* TASK DIRECTIONS: Below are the entries; give again exactly the lines from the one mentioning "重庆市渝东南农业科学院创作的" through the one mentioning "这是2020年1月14日在法", inclusive.

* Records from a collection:

◇ ◇ ◇ ◇ ◇ ◇ ◇

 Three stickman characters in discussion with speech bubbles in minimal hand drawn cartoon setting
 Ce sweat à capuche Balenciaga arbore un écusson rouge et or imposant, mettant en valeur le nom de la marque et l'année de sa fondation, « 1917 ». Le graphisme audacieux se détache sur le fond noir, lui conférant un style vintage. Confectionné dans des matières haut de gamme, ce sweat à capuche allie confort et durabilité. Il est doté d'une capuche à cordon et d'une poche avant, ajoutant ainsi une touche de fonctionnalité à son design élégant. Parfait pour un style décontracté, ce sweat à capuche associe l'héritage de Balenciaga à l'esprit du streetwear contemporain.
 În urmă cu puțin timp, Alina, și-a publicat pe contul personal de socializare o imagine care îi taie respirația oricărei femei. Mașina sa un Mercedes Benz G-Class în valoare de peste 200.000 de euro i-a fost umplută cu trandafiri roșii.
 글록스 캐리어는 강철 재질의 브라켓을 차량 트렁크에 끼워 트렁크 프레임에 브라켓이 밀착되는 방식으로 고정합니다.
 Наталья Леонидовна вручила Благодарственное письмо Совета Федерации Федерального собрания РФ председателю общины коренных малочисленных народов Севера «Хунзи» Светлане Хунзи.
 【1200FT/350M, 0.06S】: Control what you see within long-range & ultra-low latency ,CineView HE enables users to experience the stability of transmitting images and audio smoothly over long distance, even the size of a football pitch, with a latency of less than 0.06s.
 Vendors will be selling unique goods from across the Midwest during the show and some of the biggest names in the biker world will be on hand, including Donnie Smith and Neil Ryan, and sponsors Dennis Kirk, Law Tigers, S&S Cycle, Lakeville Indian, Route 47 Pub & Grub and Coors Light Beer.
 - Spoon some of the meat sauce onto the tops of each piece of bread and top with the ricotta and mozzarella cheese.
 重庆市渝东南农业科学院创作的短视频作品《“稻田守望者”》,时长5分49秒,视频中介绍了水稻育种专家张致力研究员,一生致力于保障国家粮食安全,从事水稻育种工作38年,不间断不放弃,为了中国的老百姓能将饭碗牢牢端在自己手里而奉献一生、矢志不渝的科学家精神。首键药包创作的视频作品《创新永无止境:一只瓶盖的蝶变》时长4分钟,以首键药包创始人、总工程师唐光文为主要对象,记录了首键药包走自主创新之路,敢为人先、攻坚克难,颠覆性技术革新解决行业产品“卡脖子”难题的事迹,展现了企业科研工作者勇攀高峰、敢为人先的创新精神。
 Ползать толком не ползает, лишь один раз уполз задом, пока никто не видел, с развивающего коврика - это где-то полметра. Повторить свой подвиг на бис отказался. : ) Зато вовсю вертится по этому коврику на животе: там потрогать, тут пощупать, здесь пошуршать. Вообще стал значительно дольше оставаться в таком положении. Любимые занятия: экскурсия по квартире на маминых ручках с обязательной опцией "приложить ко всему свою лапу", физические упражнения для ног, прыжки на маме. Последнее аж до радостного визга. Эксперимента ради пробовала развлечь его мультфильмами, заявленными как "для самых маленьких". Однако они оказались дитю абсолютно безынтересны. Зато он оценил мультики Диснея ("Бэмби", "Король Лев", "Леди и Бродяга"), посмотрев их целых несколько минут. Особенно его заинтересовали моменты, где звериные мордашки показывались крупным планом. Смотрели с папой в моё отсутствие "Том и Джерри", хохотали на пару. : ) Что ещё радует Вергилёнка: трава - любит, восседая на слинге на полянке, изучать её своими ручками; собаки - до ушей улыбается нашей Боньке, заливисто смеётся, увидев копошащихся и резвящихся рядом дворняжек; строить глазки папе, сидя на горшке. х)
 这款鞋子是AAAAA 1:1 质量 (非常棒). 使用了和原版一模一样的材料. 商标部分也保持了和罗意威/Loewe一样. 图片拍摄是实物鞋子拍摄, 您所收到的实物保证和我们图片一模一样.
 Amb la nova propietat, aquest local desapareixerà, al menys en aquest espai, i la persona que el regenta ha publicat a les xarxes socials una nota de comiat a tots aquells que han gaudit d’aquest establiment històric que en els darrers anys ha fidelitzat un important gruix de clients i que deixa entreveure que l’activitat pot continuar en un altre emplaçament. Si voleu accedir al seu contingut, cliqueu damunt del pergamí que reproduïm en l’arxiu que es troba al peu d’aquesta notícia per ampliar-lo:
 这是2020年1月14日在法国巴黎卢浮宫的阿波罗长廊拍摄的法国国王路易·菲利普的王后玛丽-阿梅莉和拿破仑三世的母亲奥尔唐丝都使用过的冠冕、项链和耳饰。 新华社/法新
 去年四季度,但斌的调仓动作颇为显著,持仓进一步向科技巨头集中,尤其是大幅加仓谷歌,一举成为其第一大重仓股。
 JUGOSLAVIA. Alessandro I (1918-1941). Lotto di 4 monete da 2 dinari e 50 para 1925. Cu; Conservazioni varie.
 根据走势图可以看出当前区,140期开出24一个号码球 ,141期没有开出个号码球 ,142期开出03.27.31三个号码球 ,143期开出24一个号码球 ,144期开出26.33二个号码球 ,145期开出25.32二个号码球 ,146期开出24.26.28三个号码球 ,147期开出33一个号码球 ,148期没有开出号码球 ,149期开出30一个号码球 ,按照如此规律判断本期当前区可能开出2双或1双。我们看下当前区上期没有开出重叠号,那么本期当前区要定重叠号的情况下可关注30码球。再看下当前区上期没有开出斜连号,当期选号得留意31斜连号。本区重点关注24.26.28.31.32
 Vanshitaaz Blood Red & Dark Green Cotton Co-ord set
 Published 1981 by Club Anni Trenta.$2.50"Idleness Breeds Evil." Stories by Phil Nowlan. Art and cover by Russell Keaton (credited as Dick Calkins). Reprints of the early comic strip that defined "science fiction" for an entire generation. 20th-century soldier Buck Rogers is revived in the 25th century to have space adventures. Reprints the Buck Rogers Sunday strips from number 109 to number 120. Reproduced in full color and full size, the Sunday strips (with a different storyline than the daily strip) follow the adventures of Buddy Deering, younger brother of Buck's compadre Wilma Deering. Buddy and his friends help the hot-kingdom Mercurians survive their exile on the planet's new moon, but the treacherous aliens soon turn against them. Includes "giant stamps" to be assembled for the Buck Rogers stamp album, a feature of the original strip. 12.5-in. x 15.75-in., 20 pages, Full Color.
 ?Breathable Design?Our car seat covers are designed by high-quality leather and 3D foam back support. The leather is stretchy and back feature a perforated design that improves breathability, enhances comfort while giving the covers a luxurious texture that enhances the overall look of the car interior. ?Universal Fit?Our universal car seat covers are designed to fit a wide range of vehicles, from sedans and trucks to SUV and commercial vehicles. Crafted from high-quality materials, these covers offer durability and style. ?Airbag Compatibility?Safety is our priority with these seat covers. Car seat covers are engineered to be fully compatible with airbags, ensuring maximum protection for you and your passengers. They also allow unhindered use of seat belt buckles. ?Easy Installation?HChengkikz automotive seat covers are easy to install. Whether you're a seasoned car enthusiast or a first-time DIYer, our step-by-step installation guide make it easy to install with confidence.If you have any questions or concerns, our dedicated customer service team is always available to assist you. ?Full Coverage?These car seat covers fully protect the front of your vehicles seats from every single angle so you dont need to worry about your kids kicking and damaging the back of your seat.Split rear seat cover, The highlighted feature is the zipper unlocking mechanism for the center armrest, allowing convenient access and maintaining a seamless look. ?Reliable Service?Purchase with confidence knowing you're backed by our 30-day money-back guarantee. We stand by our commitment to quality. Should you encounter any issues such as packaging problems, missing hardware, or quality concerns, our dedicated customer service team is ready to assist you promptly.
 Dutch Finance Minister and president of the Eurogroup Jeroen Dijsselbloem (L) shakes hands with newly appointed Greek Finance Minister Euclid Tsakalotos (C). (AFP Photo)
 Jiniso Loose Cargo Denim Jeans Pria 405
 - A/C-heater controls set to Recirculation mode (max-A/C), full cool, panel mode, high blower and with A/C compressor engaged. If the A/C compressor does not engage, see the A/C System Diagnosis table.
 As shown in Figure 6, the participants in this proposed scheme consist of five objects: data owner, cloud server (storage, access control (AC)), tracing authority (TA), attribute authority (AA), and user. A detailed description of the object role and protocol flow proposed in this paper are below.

◇ ◇ ◇ ◇ ◇ ◇ ◇

* ANSWER TO THIS EXERCISE:
 重庆市渝东南农业科学院创作的短视频作品《“稻田守望者”》,时长5分49秒,视频中介绍了水稻育种专家张致力研究员,一生致力于保障国家粮食安全,从事水稻育种工作38年,不间断不放弃,为了中国的老百姓能将饭碗牢牢端在自己手里而奉献一生、矢志不渝的科学家精神。首键药包创作的视频作品《创新永无止境:一只瓶盖的蝶变》时长4分钟,以首键药包创始人、总工程师唐光文为主要对象,记录了首键药包走自主创新之路,敢为人先、攻坚克难,颠覆性技术革新解决行业产品“卡脖子”难题的事迹,展现了企业科研工作者勇攀高峰、敢为人先的创新精神。
 Ползать толком не ползает, лишь один раз уполз задом, пока никто не видел, с развивающего коврика - это где-то полметра. Повторить свой подвиг на бис отказался. : ) Зато вовсю вертится по этому коврику на животе: там потрогать, тут пощупать, здесь пошуршать. Вообще стал значительно дольше оставаться в таком положении. Любимые занятия: экскурсия по квартире на маминых ручках с обязательной опцией "приложить ко всему свою лапу", физические упражнения для ног, прыжки на маме. Последнее аж до радостного визга. Эксперимента ради пробовала развлечь его мультфильмами, заявленными как "для самых маленьких". Однако они оказались дитю абсолютно безынтересны. Зато он оценил мультики Диснея ("Бэмби", "Король Лев", "Леди и Бродяга"), посмотрев их целых несколько минут. Особенно его заинтересовали моменты, где звериные мордашки показывались крупным планом. Смотрели с папой в моё отсутствие "Том и Джерри", хохотали на пару. : ) Что ещё радует Вергилёнка: трава - любит, восседая на слинге на полянке, изучать её своими ручками; собаки - до ушей улыбается нашей Боньке, заливисто смеётся, увидев копошащихся и резвящихся рядом дворняжек; строить глазки папе, сидя на горшке. х)
 这款鞋子是AAAAA 1:1 质量 (非常棒). 使用了和原版一模一样的材料. 商标部分也保持了和罗意威/Loewe一样. 图片拍摄是实物鞋子拍摄, 您所收到的实物保证和我们图片一模一样.
 Amb la nova propietat, aquest local desapareixerà, al menys en aquest espai, i la persona que el regenta ha publicat a les xarxes socials una nota de comiat a tots aquells que han gaudit d’aquest establiment històric que en els darrers anys ha fidelitzat un important gruix de clients i que deixa entreveure que l’activitat pot continuar en un altre emplaçament. Si voleu accedir al seu contingut, cliqueu damunt del pergamí que reproduïm en l’arxiu que es troba al peu d’aquesta notícia per ampliar-lo:
 这是2020年1月14日在法国巴黎卢浮宫的阿波罗长廊拍摄的法国国王路易·菲利普的王后玛丽-阿梅莉和拿破仑三世的母亲奥尔唐丝都使用过的冠冕、项链和耳饰。 新华社/法新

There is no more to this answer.